((
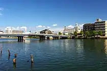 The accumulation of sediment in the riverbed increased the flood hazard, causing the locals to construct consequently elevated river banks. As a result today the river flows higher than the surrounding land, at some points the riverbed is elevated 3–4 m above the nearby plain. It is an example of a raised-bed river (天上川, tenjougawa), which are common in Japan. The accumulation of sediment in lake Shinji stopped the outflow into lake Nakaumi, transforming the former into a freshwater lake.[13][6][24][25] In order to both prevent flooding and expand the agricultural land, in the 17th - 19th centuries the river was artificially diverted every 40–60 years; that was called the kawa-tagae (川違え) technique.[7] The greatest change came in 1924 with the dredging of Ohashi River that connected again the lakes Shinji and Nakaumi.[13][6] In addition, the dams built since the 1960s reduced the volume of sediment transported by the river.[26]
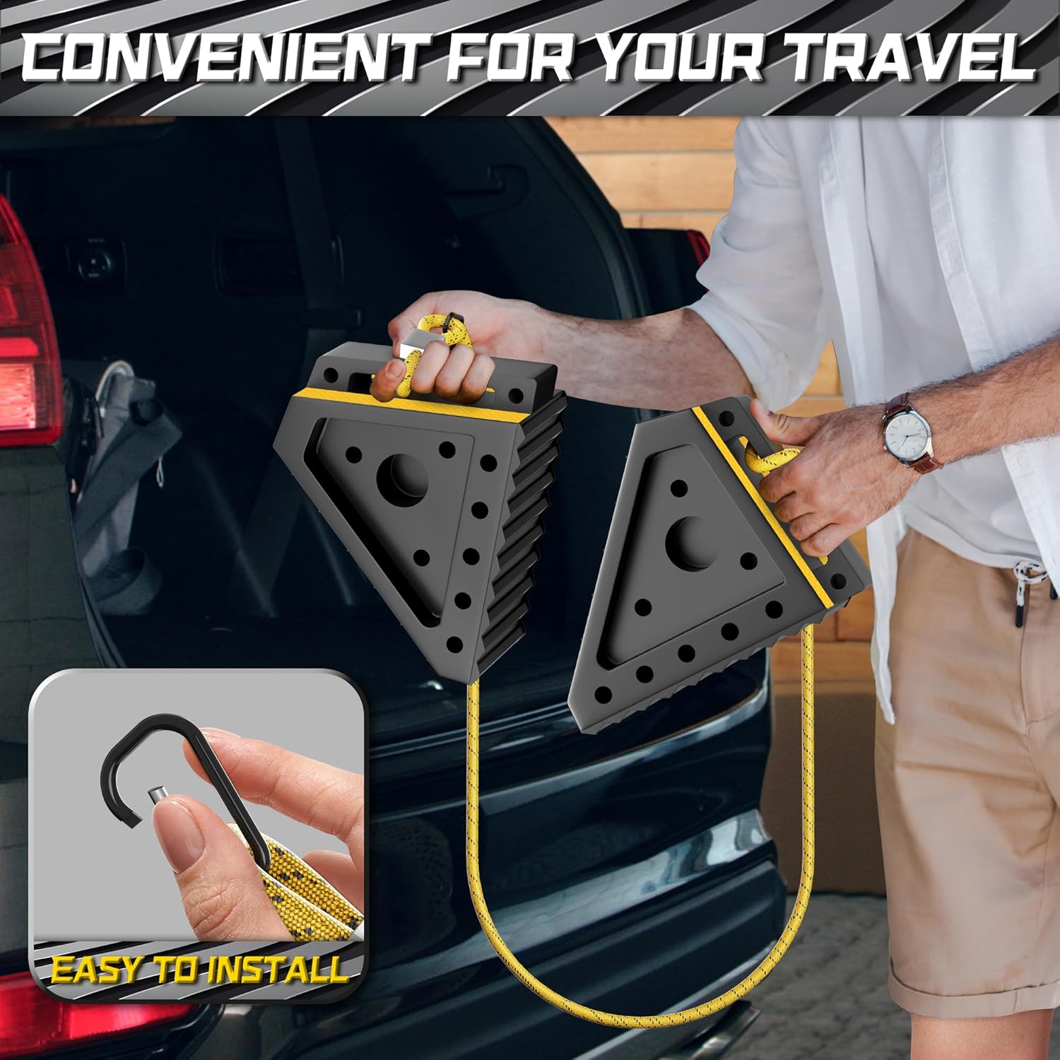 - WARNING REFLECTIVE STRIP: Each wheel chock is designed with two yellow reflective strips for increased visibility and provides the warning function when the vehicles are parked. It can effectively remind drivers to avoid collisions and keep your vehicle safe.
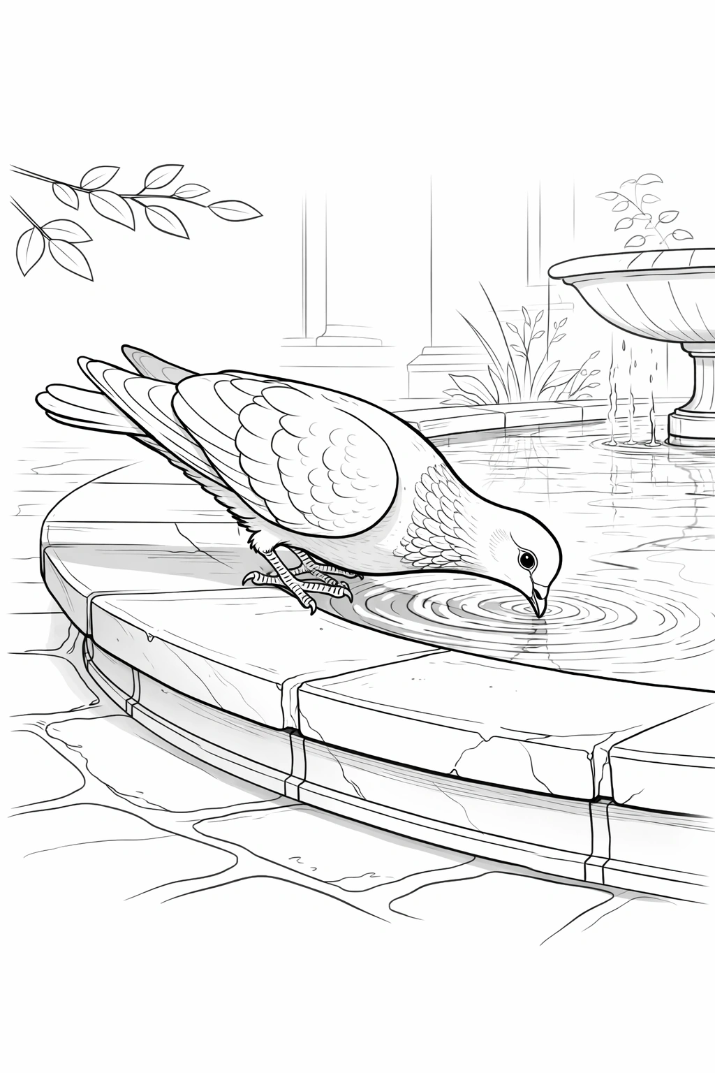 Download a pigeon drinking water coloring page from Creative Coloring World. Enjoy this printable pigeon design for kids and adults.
))
((
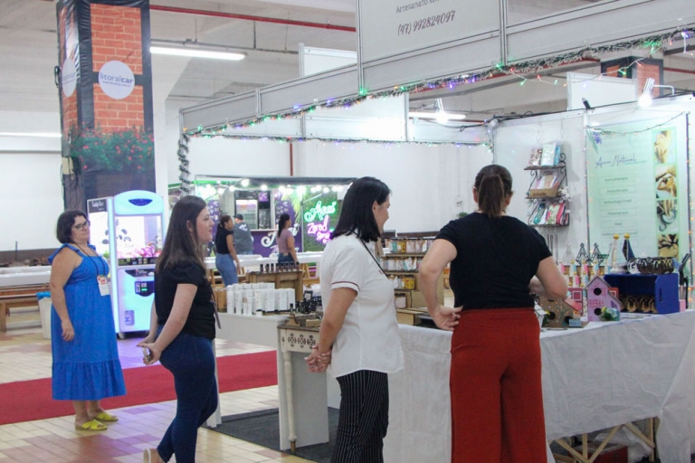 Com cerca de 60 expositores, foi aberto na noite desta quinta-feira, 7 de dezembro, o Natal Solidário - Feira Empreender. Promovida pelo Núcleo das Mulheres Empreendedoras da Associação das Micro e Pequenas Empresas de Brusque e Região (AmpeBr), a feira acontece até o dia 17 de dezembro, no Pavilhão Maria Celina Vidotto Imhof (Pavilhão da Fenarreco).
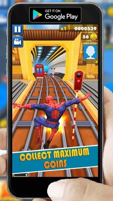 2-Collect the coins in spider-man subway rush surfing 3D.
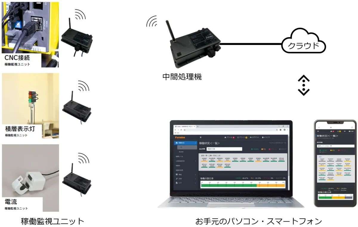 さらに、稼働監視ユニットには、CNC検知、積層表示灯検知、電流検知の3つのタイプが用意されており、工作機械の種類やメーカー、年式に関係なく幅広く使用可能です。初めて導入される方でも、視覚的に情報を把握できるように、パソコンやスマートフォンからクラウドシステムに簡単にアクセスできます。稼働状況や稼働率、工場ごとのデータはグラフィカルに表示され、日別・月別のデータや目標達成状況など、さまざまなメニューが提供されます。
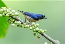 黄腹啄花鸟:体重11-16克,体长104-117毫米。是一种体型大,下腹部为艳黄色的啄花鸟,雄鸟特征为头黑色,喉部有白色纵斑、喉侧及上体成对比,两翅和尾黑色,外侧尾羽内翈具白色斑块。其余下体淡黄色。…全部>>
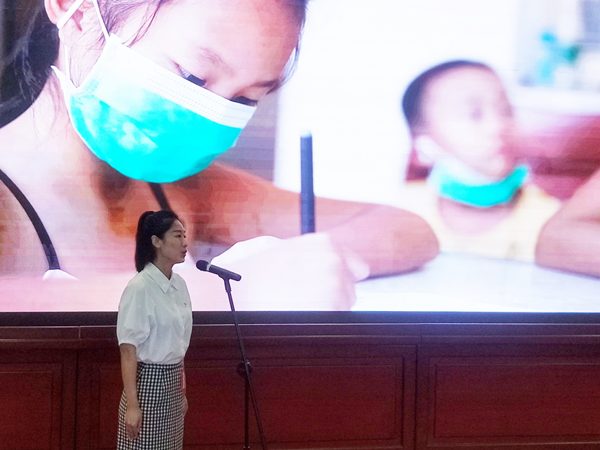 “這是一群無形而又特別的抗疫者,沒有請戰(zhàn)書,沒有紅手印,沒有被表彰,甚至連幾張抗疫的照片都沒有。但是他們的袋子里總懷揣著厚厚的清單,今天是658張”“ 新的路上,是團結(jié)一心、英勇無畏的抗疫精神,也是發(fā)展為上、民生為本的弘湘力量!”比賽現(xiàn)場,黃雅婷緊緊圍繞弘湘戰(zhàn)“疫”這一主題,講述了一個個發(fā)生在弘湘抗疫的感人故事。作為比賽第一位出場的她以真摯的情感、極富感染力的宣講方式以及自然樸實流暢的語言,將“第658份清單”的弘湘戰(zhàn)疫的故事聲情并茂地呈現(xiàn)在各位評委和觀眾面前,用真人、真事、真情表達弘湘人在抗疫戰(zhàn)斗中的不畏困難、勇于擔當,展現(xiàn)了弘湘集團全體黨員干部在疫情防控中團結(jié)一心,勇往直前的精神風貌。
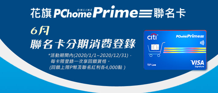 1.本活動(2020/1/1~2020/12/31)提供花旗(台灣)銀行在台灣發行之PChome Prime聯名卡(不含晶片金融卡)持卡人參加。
))
**Assignment**. Your answer must be the exact lines from the records above, from the one containing "Com cerca de" through the one containing "1.本活動(2020/1/1", both included, with every picture left out.

**Exercise answer**.
 Com cerca de 60 expositores, foi aberto na noite desta quinta-feira, 7 de dezembro, o Natal Solidário - Feira Empreender. Promovida pelo Núcleo das Mulheres Empreendedoras da Associação das Micro e Pequenas Empresas de Brusque e Região (AmpeBr), a feira acontece até o dia 17 de dezembro, no Pavilhão Maria Celina Vidotto Imhof (Pavilhão da Fenarreco).
 2-Collect the coins in spider-man subway rush surfing 3D.
 さらに、稼働監視ユニットには、CNC検知、積層表示灯検知、電流検知の3つのタイプが用意されており、工作機械の種類やメーカー、年式に関係なく幅広く使用可能です。初めて導入される方でも、視覚的に情報を把握できるように、パソコンやスマートフォンからクラウドシステムに簡単にアクセスできます。稼働状況や稼働率、工場ごとのデータはグラフィカルに表示され、日別・月別のデータや目標達成状況など、さまざまなメニューが提供されます。
 黄腹啄花鸟:体重11-16克,体长104-117毫米。是一种体型大,下腹部为艳黄色的啄花鸟,雄鸟特征为头黑色,喉部有白色纵斑、喉侧及上体成对比,两翅和尾黑色,外侧尾羽内翈具白色斑块。其余下体淡黄色。…全部>>
 “這是一群無形而又特別的抗疫者,沒有請戰(zhàn)書,沒有紅手印,沒有被表彰,甚至連幾張抗疫的照片都沒有。但是他們的袋子里總懷揣著厚厚的清單,今天是658張”“ 新的路上,是團結(jié)一心、英勇無畏的抗疫精神,也是發(fā)展為上、民生為本的弘湘力量!”比賽現(xiàn)場,黃雅婷緊緊圍繞弘湘戰(zhàn)“疫”這一主題,講述了一個個發(fā)生在弘湘抗疫的感人故事。作為比賽第一位出場的她以真摯的情感、極富感染力的宣講方式以及自然樸實流暢的語言,將“第658份清單”的弘湘戰(zhàn)疫的故事聲情并茂地呈現(xiàn)在各位評委和觀眾面前,用真人、真事、真情表達弘湘人在抗疫戰(zhàn)斗中的不畏困難、勇于擔當,展現(xiàn)了弘湘集團全體黨員干部在疫情防控中團結(jié)一心,勇往直前的精神風貌。
 1.本活動(2020/1/1~2020/12/31)提供花旗(台灣)銀行在台灣發行之PChome Prime聯名卡(不含晶片金融卡)持卡人參加。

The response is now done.